There are more millionaires in North America than ever before. In fact, the number of Canadian households with over $1 million in assets jumped by 23% in 2021 alone. But being in the ‘millionaires’ club’ is not what it used to be.
Chubb–a world leader in insurance–asked 800 affluent North Americans about how they view their wealth, what is keeping them up at night, and what matters most. They found that while the number of affluent families is growing, they are actually feeling less wealthy and more insecure about their future
We had the opportunity to talk to Melanie Wilcox, Executive Vice President Personal Risk Services about Chubb’s inaugural wealth report.
According to Wilcox, one of the key insights in the report was that two-thirds of those surveyed say that building wealth today is more challenging than ever before. In fact, 68% do not even consider themselves wealthy, including many with investable assets of more than $10 million.
So why are affluent individuals feeling so insecure about their future?

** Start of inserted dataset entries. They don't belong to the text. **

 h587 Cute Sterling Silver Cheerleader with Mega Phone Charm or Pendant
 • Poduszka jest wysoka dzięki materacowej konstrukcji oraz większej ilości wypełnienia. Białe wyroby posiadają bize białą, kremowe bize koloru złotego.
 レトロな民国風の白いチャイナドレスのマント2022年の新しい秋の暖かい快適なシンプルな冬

When asked what is keeping the wealthy up at night, Wilcox pointed to factors like economic instability, inflation, and even changing weather patterns. Notably, 68% of people in Chubb’s survey listed damage to their property from weather-related events or climate change as a big threat to their wealth. After the wildfire season of 2023–the worst ever recorded–this concern is not surprising (Source: Global). In fact, weather damage–from wildfires to storms to deep freezes–is on the rise everywhere.

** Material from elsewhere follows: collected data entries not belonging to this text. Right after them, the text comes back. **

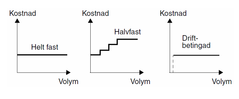 En rörlig kostnad ändras när tex produktions- eller försäljningsvolymen ändras men en fast kostnad påverkas inte av produktions eller försäljningsvolym.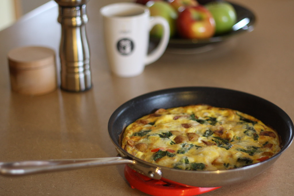 Фритата из овощей — отличный способ использовать остатки. Взбейте яйца, добавьте нарезанные овощи, немного сыра, приправьте солью и перцем, затем запеките.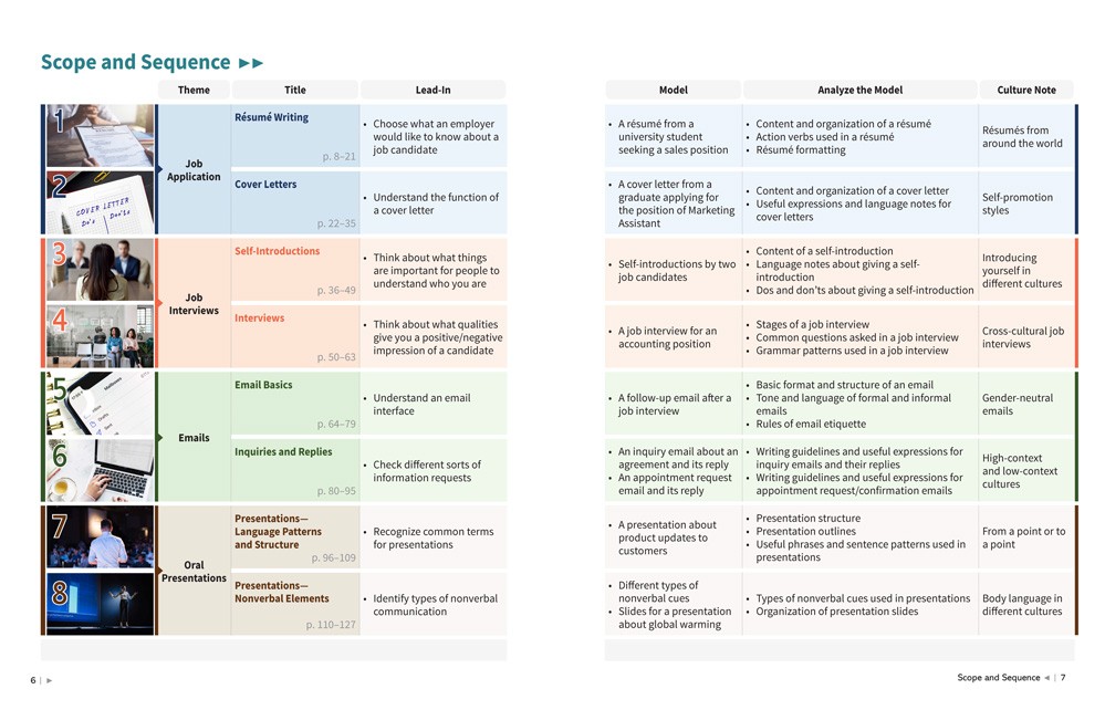 Since effective communication requires more than just language proficiency and skills, each chapter includes a Culture Note to develop students’ understanding of a particular aspect of cultural differences. Additionally, the Expert Advice section aims to provide students with more tips and advice which they can consider in the given professional situation.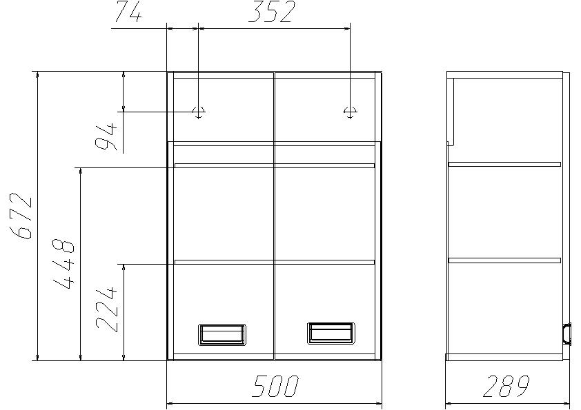 Шкаф не зеркальный, без подсветки, с двумя полками внутри.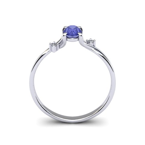 1/2 Carat Oval Shape Tanzanite and Two Diamond Accent Ring In 14 Karat White Gold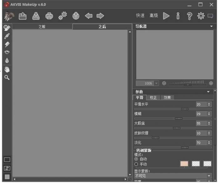 只需打开一个AKVIS MakeUp,点击运行按钮,该软件将修复和梳洗的皮肤不改变照片的其他方面,有两种模式:快速和高级。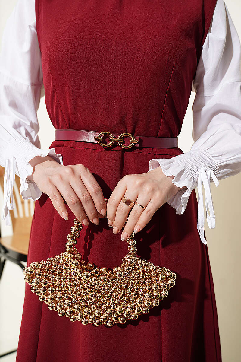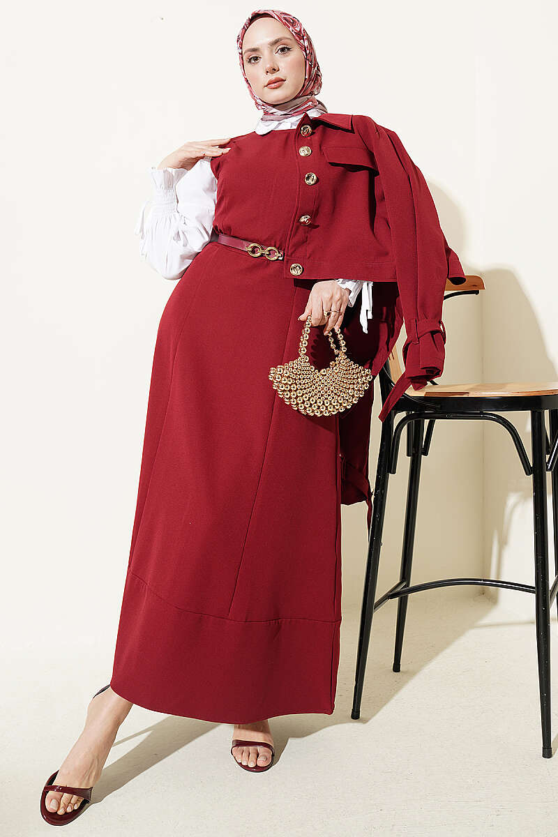 Gold Düğmeli Ceketli Jile Takım Bordo

However, despite their increased level of fear, Chubb found that only 22% of respondents are actually taking the appropriate steps to protect themselves. That is a significant number of people who are worried, but not doing anything about it. According to Wilcox, there is a growing need to rethink how to protect what matters most to you with risk and insurance management strategies. If you are concerned about the threat of wildfires, for example, sitting down with an insurance agent to talk about your options is a great step. However, there are also practical things you can do to protect your home, including installing sprinklers, changing the type of roof you have, and clearing a defensible space around your home.

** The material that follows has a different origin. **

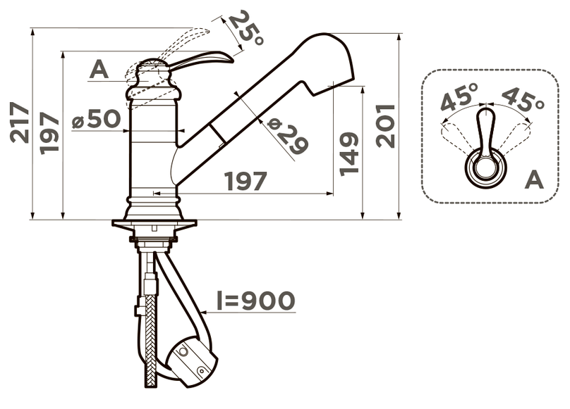 • Классический дизайн и невероятно удобная конструкция смесителя, сочетающая в себе вытяжной шланг и функцию переключения воды на 2 режима: струя и душ;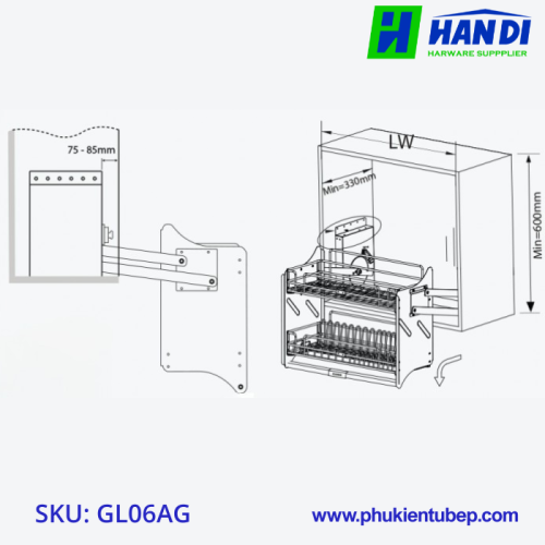 Để giúp bạn hiểu rõ hơn về sản phẩm, chúng tôi xin cung cấp thông số kỹ thuật chi tiết của Giá bát dĩa nâng hạ nhôm màu Champagne GARIS GL06.70AG, GL06.80AG, GL06.90AG:

When asked about the barrier to getting appropriate protection, Wilcox says it comes down to knowledge. There is a growing gap between the risks that the wealthy perceive and their understanding of how best to protect themselves from those risks. And when you do not understand something or you do not like dealing with it, you avoid it. Many wealthy individuals put their insurance policies on auto-renew and do not give them another thought. Part of the problem is that people do not know which professionals to turn to. Only 52% of those surveyed work with an insurance advisor. Wilcox recommends checking in with an insurance advisor as often as you do with your wealth advisor. Touching base is especially important as your assets change; for example, when you purchase a vacation home or add to your fine art collection. An advisor can help you understand where the risks lie, what the likelihood of those risks are, and the cost to protect yourself against them.
Chubb’s wealth report also looked at how the wealthy are investing in their passions. Eight out of ten respondents reported being collectors of fine art, jewelry, cars, wine, and other valuables. Wilcox points out that protecting those passions is often overlooked, though very important. She recommends staying connected to the right advisors, ensuring the valuations of your collections are up-to-date, and engaging specialists to ensure your passion projects are protected (for example, making sure valuable artwork is properly secured to your walls).
We, of course, had to ask Wilcox about the most interesting collection she had ever come across. Her answer? There have been a lot of amazing cars, but a collection of dinosaur bones is probably the most memorable.